Engineering Contradictions & Design Principles
Engineering Contradiction Analysis
1Adaptability or versatility
If manual processes are used for SKU creation, categorization, and pricing, then flexibility and customization are improved, but productivity and accuracy deteriorate due to errors, inconsistencies, and delays
Solution Approach 1:
The system enables automated self-service for SKU creation, categorization, and pricing through AI/ML algorithms that automatically generate SKUs, categorize products, and compute prices without manual intervention, thereby maintaining flexibility while dramatically improving productivity and accuracy
Solution Approach 2:
The system dynamically changes parameters such as SKU attributes, categorization rules, and pricing factors in real-time based on market conditions and vendor data, allowing flexible adaptation while maintaining high productivity through automated parameter management
2Adaptability or versatility
If the platform handles a vast number and diversity of SKUs, then adaptability and versatility are improved, but device complexity and data consistency deteriorate
Solution Approach 1:
The platform segments SKU management into modular components including virtual SKU generation, real-time validation, categorization modules, and pricing engines, allowing it to handle vast SKU diversity while maintaining manageable complexity through organized data structures and processing pipelines
Solution Approach 2:
The system introduces intermediary layers including a data mesh architecture and AI/ML validation layers that mediate between diverse vendor data sources and the core platform, ensuring data consistency while handling extensive SKU diversity without proportionally increasing complexity
3Productivity
If real-time and synchronous solutions are implemented, then productivity and customer experience are improved, but use of energy and computational resources increase
Solution Approach 1:
The system performs preliminary actions by pre-generating virtual SKUs, pre-validating data formats, and pre-computing pricing rules before actual transactions occur, enabling real-time responsiveness while reducing computational load during critical processing moments
Solution Approach 2:
The platform implements periodic batch processing for non-critical updates alongside real-time processing for critical operations, optimizing resource utilization by handling different data types at appropriate frequencies rather than continuously
4Adaptability or versatility
If virtual SKUs are transitioned to actual SKUs upon order placement, then adaptability is improved, but reliability and data consistency deteriorate due to delays and inconsistencies
Solution Approach 1:
The system performs preliminary validation and preparation of virtual SKUs before order placement, pre-computing necessary data and validating formats in advance, ensuring that the transition to actual SKUs is reliable and consistent without delays
Solution Approach 2:
The platform implements feedback mechanisms that continuously monitor the virtual-to-actual SKU transition process, detecting and correcting inconsistencies in real-time, thereby maintaining high reliability and data consistency while preserving adaptive transition capabilities
Data Source
AI summary
System and methods are provided for automated SKU management.

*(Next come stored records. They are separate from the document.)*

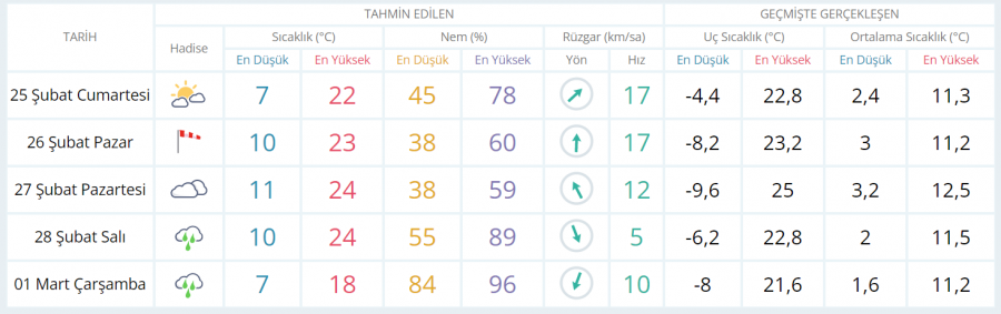 5 GÜNLÜK TAHMİN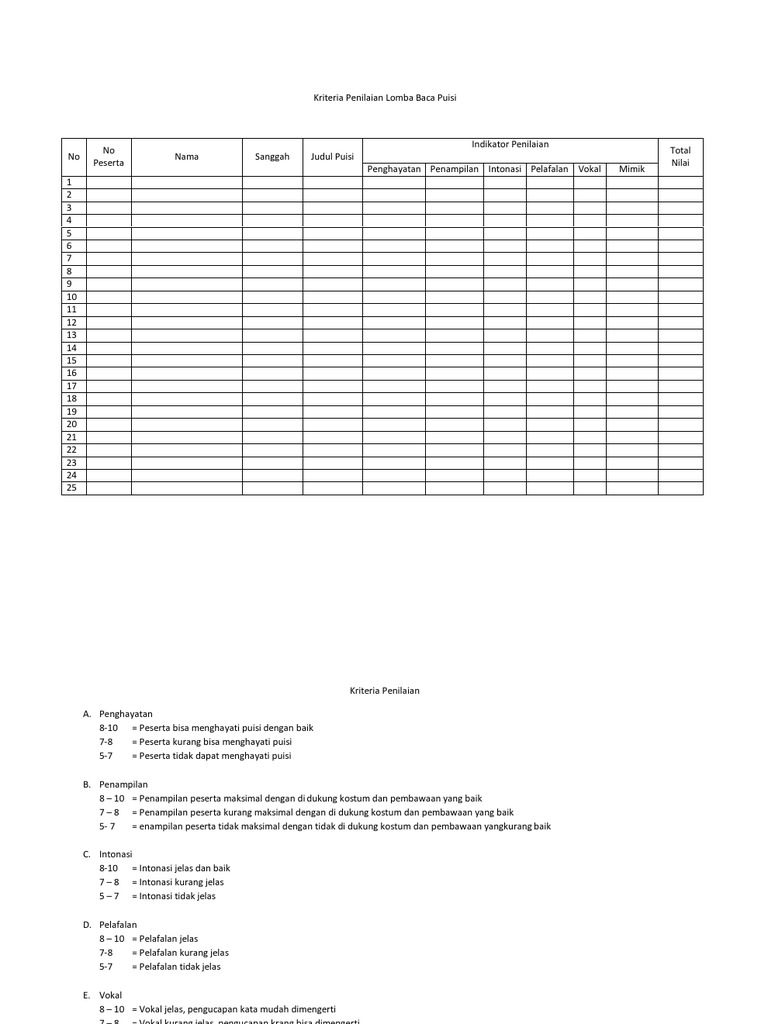 Kriteria penilaian lomba menulis puisi, membaca puisi, dan menulis …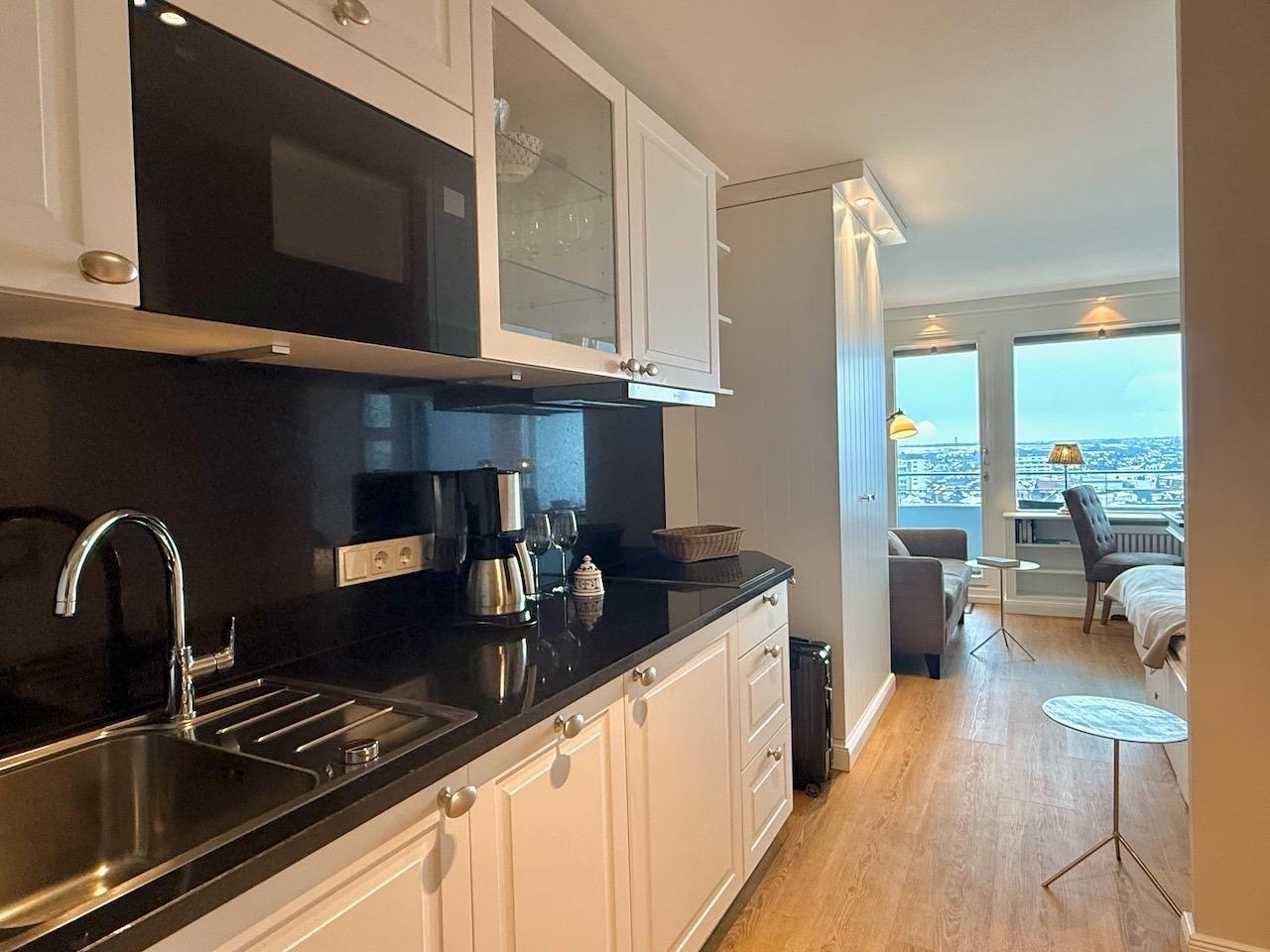 Die frisch renovierte 1-Zimmer-Wohnung ist ca. 30 m² groß und befindet sich im 9. OG[nbsp] des Haus "Metropol" zur Landseite. Sie besteht aus einem kombinierten Wohn- und Schlafzimer mit Doppelbett (160 x 200, 2 Matratzen), Kleiderschrank, 2-Sitzer-Sofa, Essplatz am Fenster, Flat-TV mit Radio, dazu 4 USB-Anschlüsse. Die moderne Küchenzeile mit Geschirrspüler, 2-Plattenherd, Mikrowelle und Kühlschrank mit Gefrierfach ist den Flur integriert. Das Badezimmer verfügt über ein große Dusche, WC sowie einen Waschtisch. Auf dem geschützten Ostbalkon lässt es sich hervorragend in der Sonne frühstücken und den herrlichen Blick über die Insel bis zum Rantum Becken genießen. Internet steht kostenfrei über die hausinterne Anlage zur Verfügung (ohne Gewähr) Tierhaltung und Rauchen sind in der Wohnung nicht gestattet. Ein PKW-Stellplatz kann kostenpflichtig zugebucht werden. Bettwäsche und Handtücher sind zur Anreise aufgezogen.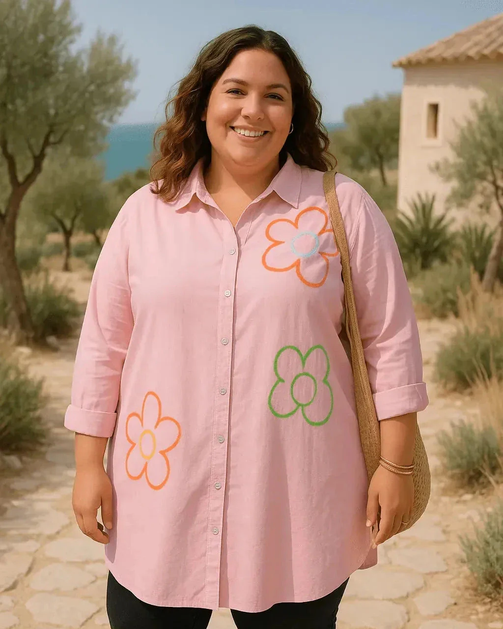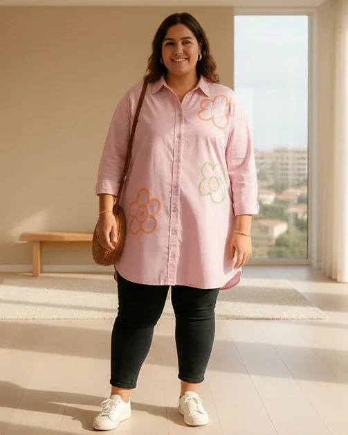 Cette chemise longue rose séduit par sa coupe fluide, son coton extensible ultra confortable (97% coton !) et ses fleurs brodées délicates qui apportent une touche raffinée sans en faire trop. Pensée pour s’adapter à toutes les morphologies du 36 au 48/50, elle se porte aussi bien au bureau, en sortie, ou en mode casual chic au quotidien.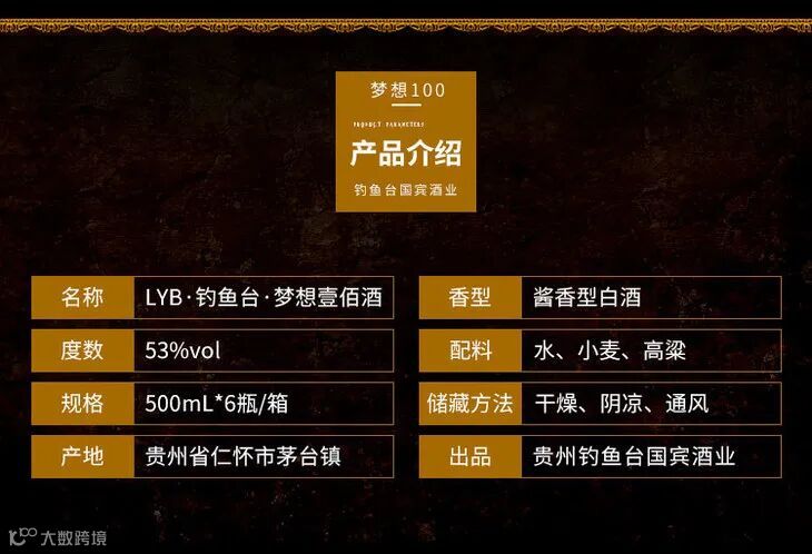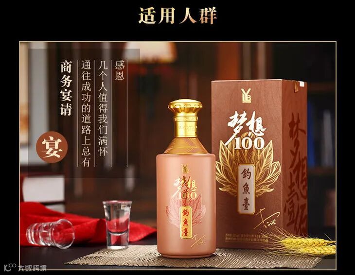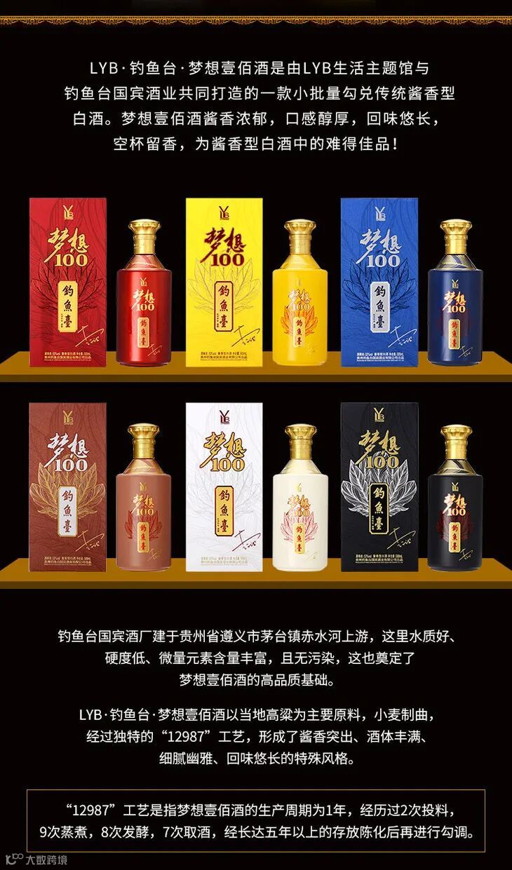 美丽的赤水河畔,诞生了“梦想壹佰酒”,LYB·钓鱼台·梦想壹佰酒为53°酱香型白酒,以茅台镇当地高粱为主要原料,以小麦制曲,经过独特的“12987”工艺,长达五年以上的存放陈化后再进行勾调,形成了酱香突出、酒体丰满、细腻幽雅、回味绵长的特殊风格。

Embodiments include a user interface for receiving diverse catalog files, a Catalog Transformation module, a Real-Time Data Mesh (RTDM) module, a Master Data Governance (MDG) module, a Global Data Repository (GDR), and a Search Platform. The Catalog Transformation module, through iterative learning, transforms catalog files to a standard format and predicts categorization and attribute mapping. The RTDM module is configured to perform real-time data exchange. The MDG module validates the transformed catalogs. The GDR stores validated catalogs. Embodiments can include a Dynamic SKU Creation module and a Global Pricing Engine for real-time pricing. Embodiments improve data accuracy and SKU management, facilitating integrated order processing and fulfillment.